Which is that the human person (and I believe implicit in this the whole of creation) is as it is precious. Each individual is unique and wondrous as it emerges. And this individual always and only emerges out of the web of relationships. As unique and precious as the individual is, the individual is always a part of some greater. And that greater is the whole of the cosmos united in an endless play of relationships.

And implicit in this is an understanding of the human mind.

We can discern our differences.

And we can discern our unity.

And this stance implies strongly that we can “know” in the gnostic sense of coming to a fully manifested realization that is more than the process of reasoning by itself, more than an idea bubbling in the brain. Rather we can experience the twin realities of our individuality and our connection as one thing as the very foundation of our life.

Understanding this, and coming to a direct experience of it, is what makes it a spiritual path not unlike Buddhism. Although Unitarian Universalism tends to lack Buddhism’s sense of tragic. It seems to me stylistically Unitarian Universalism is a bit more like Taoism’s naturalism, if lacking Taoism’s taste for the fantastical.

For me what brings this all together is the fourth principle which holds up “a free and responsible search for meaning.”

Here the responsibility is placed upon the heart of the individual.

And sometimes this means license to do nothing or to follow whatever bypath one wishes.

But if one feels the urge of responsibility for the whole, for suffering humanity, for the pain of the world, then the quest for meaning, that sense which gives us direction, from which all morality and all hope rises, becomes compelling. And then we have something.

I consider this the heart of liberal religion.

I believe there is a perennial quality to this insight. It can be found more or less complete in all religions, or at least those that have been around a while.

And there is something peculiar about the Unitarian Universalist enterpise that opens it to hyphens. One may be a UU Christian, a UU humanist, a UU Buddhist, and many, many more forms of Unitarian Universalist.

Personally I’m deeply interested in how all this informs my Zen Buddhism and how my Zen Buddhism informs this emergent Western expression. I see others using (not quite the right word… Engaging.

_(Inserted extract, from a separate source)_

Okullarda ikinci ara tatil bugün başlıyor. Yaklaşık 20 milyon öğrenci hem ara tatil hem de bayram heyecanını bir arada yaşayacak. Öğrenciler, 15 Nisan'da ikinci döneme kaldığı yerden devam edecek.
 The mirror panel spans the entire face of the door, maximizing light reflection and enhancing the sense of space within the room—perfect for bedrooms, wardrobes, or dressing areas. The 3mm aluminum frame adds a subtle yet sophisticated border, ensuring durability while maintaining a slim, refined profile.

Dancing.) the traditions of Christianity and Judaism in similar ways. Again using doesn’t quite feel the right word – it is a full hearted engagement. It is a dance. The list of partners is long. Earth-centered perspectives can be enormously valuable, particularly those aspects found in Native American traditions. I can see how Hindu and Taoist spiritualities can be a part of this.

It is, yes, dangerous. Many dead-ends will appear. No doubt.

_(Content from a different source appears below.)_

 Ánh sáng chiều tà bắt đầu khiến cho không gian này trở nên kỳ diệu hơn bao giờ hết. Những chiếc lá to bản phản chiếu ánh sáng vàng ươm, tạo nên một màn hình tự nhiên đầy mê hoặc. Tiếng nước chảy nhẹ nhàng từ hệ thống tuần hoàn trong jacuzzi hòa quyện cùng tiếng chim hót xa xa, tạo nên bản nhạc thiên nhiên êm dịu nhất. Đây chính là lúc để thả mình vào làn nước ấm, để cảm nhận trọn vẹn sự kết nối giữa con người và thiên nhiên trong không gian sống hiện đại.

And it is a human enterprise, so abuses have and will appear.

And, it is so exciting.

Who knows what can come out of an open-hearted investigation of this matter?

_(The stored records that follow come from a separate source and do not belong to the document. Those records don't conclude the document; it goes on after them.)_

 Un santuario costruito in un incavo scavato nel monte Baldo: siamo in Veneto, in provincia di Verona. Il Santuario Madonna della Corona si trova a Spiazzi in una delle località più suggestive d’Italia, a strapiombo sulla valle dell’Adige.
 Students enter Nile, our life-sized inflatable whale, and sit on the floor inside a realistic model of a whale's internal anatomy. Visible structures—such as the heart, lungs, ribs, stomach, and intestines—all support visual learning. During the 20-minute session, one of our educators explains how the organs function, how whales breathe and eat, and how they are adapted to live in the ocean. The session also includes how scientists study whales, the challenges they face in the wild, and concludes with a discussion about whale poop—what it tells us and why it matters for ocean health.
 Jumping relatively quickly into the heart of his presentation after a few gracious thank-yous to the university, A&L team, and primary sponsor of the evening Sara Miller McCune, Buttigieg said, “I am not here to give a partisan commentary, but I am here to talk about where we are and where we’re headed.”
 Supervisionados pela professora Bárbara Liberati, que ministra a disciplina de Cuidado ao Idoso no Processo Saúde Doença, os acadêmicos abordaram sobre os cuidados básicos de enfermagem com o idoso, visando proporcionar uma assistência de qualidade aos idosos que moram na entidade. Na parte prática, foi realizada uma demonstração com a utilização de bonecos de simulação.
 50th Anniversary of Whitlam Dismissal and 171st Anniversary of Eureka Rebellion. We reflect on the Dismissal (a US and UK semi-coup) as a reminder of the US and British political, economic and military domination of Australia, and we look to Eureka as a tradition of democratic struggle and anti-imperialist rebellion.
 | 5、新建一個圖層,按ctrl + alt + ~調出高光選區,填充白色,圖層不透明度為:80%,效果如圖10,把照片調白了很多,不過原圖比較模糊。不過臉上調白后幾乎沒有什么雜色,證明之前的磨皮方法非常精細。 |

Particularly if we are humble, and look to the older traditions, and seek that wisdom wherever it might appear.

Applying a fierce devotion to attention, to not turning away, to looking, looking, feeling, feeling, reflecting, and looking again.

Something precious is afoot.

And it all, I believe, can be traced back in significant part to those forty-one Pilgrims sitting in the bowels of the Mayflower and creating a compact, a contract, a covenant.